A couple problems remain. Often, when looking at current paths in a printed circuit, at motor terminals or within electrical equipment, it is not possible to determine which side is grounded. Moreover, you have to analyze the utility power at the receptacle to make sure that somewhere along the line, the wires were not crossed, invalidating the color code.

An effective yet inexpensive tool is the very high-impedance electrician’s neon test light, which permits the user to test any wire or terminal against a known ground. Another diagnostic tool, only slightly more expensive, is the circuit analyzer, which plugs into a regular 120-V receptacle. Built-in LEDs indicate correct wiring, crossed ground and hot wires, missing ground, etc.

There are instances when the methods for distinguishing between a grounded conductor and a conductor referenced to ground and energized at a higher potential do not resolve the polarity question. Specifically, there’s a problem when both sides of the circuit are referenced to and float above their grounds.

Typically, a center tap is grounded. This type of circuit cannot be measured and displayed by means of a conventional grounded bench-type oscilloscope because a severe fault-to-ground will arise when the probe ground return lead connects to either side of the circuit. This is regardless of whether the instrument is powered up or whether the probe tip is in contact with the other side of the circuit. Here are some examples:

The hazard exists when the user attempts to measure two ungrounded phase voltages, either of the hot legs of a common 240-V single-phase circuit or two ungrounded phase voltages in a three-phase circuit. In the latter case, exceptionally high voltages and available current create an exceptionally hazardous situation. In a three-phase Y-configuration, all three phases are ungrounded, and no combination of two of them can be measured with a bench oscilloscope. In a three-phase Δ configuration, the midpoint of one of the phases is grounded, creating an opposite high leg which is customarily color-coded orange. Connect your ground return lead only to the grounded midpoint.

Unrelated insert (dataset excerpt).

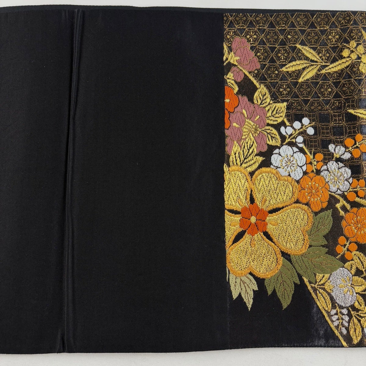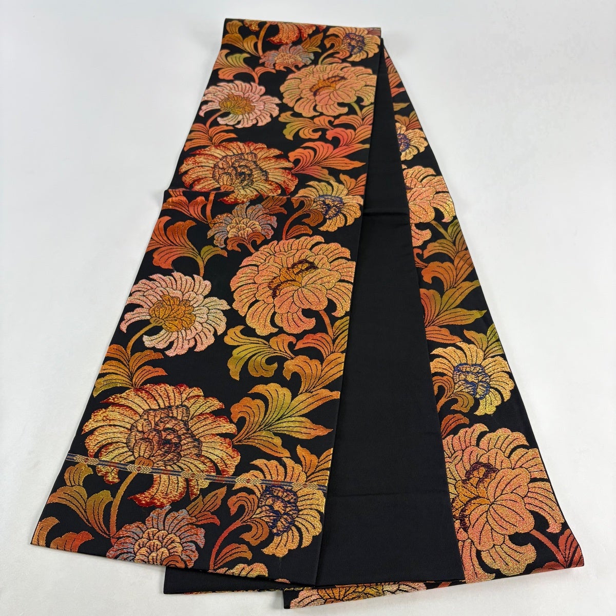 袋帯 秀品 梅 菊 唐織 箔 黒 六通 正絹

In one of these circuits, high voltage and high available fault can create an exceptionally powerful arc fault.

In a variable-frequency drive used to control the speed of a three-phase ac motor, the utility voltage, typically 480 Vac, is rectified to a still higher dc voltage by means of a full-wave rectifier with a center tap. This voltage is conveyed to the inverter section via the dc bus, and technicians often want to view this voltage in an oscilloscope to see if there is excessive ripple, which may be disrupting the inverter. But because both dc conductors are ungrounded (but referenced to ground), such a measurement cannot be performed using a conventional bench-type oscilloscope hookup.

A similar situation exists in a switching power supply. Both output conductors and parts of the internal wiring are referenced to ground and float above it. Similarly, an ordinary residential dimmer switch presents this hazard.

There are several remedies. Some technicians saw off the oscilloscope power cord ground prong. While this may protect against arc faults associated with floating voltages, additional unexpected hazards are introduced down the road because an internal fault or moisture that has entered the enclosure may energize normally non-current carrying conductive parts. The over-current protection at the entrance panel or distribution box will not trip out without grounding conductor continuity.

Another remedy is to use an isolation transformer, either factory made or fabricated by connecting two identical transformers back-to-back, starting with the step-down transformer. The problem here is that an internal ground fault or alternate ground path can negate that strategy.

A safe remedy is to use differential probes. Properly used, they eliminate any possibility of fault current in measuring floating voltage, but this rarely-used accessory is expensive, and in high-frequency circuits it may limit the bandwidth.

Thus most technicians use the hand-held, battery powered oscilloscope for floating voltage measurements. All channels in these instruments are isolated from ground, eliminating arc-fault hazards otherwise inherent in these measurements.